A more advantageous way to invest in commercial real estate is through direct (private) ownership. Private commercial real estate has low or negative correlations to stocks and bonds because real estate is relatively illiquid, trades infrequently, and is not prone to speculation. This makes private commercial real estate a strong diversifier that dampens portfolio volatility. Direct ownership of commercial real estate can be facilitated through passive investing in what are known as syndicated investments.
The Jumpstart Our Business Startups (JOBS) Act of 2012 resulted in changes that have brought attention and accessibility to syndicated investments. The growth of syndicated investments is also attributable to the increasing number of investors who desire to reduce their exposure to—or completely separate from—the volatile stock market by investing in real estate that generates income with tax efficiency.
By neglecting syndicated investments in commercial real estate, investors miss out on compelling investment opportunities, and this hinders their ability to build wealth and generate cash flow. Many investors wish they had started sooner to enjoy the advantages of appreciation, cash flow and tax benefits.
2. Myth: Investing in syndicated commercial real estate is exclusively reserved for the "top 1%" and ultra high-net-worth individuals and families.
It is widely known that many of the ultrarich have invested or generated a substantial portion of their wealth through commercial real estate. As a result, many retail investors are under the belief that these investments are not accessible to them, and some do not take even take the time to learn about the sector. In fact, these investments are absolutely accessible to accredited investors and most sophisticated investors.

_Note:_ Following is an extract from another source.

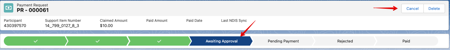 In this scenario, once you have made the necessary updates in PRODA, you then need to **Cancel** the existing `Payment Request` in Salesforce to support reclaiming.  You can do this by simply by clicking the Cancel Quick Action in the Payment request record header.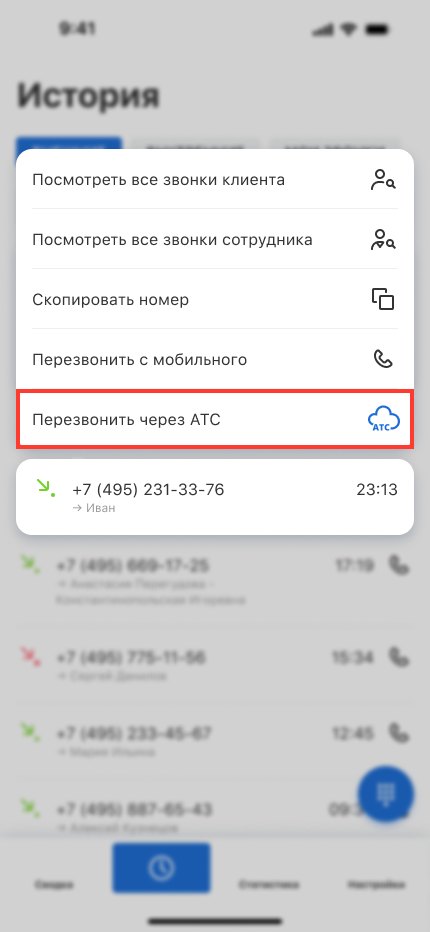 В открывшемся меню выберите «Перезвонить через АТС».

Historically, institutional and wealthy investors dominated the commercial real estate space. This is no longer the case. In the last several years, the growth of online crowdfunding platforms and private equity companies raising investor capital via syndications now make it readily accessible for motivated investors to become involved in commercial real estate.
The practice of people partnering and pooling capital to acquire or construct real estate assets has taken place for centuries. Real estate entrepreneurs (known as sponsors or syndicators) that constructed these deals (known as syndications) would share their opportunities with like-minded "passive" investors. This partnership, or syndicate, allowed all involved parties to have more buying power than they would have on their own to pursue deals that facilitated direct ownership of income-producing assets. One of the most well-known syndicated real estate deals occurred in 1961, when the famous real estate attorney Larry Wien and his partners purchased the Empire State Building in New York City. They raised $33 million by selling 3,300 units at $10,000 per unit.
In a syndicated real estate investment, the sponsor consists of one or more partners working as the management team and pooling capital from investors. The sponsor contributes the "intellectual capital" and is responsible for all the decision-making and work involved with delivering the forecasted investment return to the investors. Because the investors have no responsibility to manage the details of the investment, the investors' involvement is considered passive. Investing in a syndication can provide passive investors with several perks:
- Benefit from the sponsor's efforts to produce the investment opportunity
- Ability to invest with others and pool capital to invest in more significant transactions
- Pursue greater investment returns due to larger transaction size
- Save time and eliminate potential liability by having a passive role in the opportunity
When investors realize that they are able to passively invest in commercial real estate, then they wish they had started sooner. Investors in commercial real estate can benefit from a combination of appreciation and cash flow, and they enjoy a more favorable investment on a risk-adjusted basis than both stocks and bonds.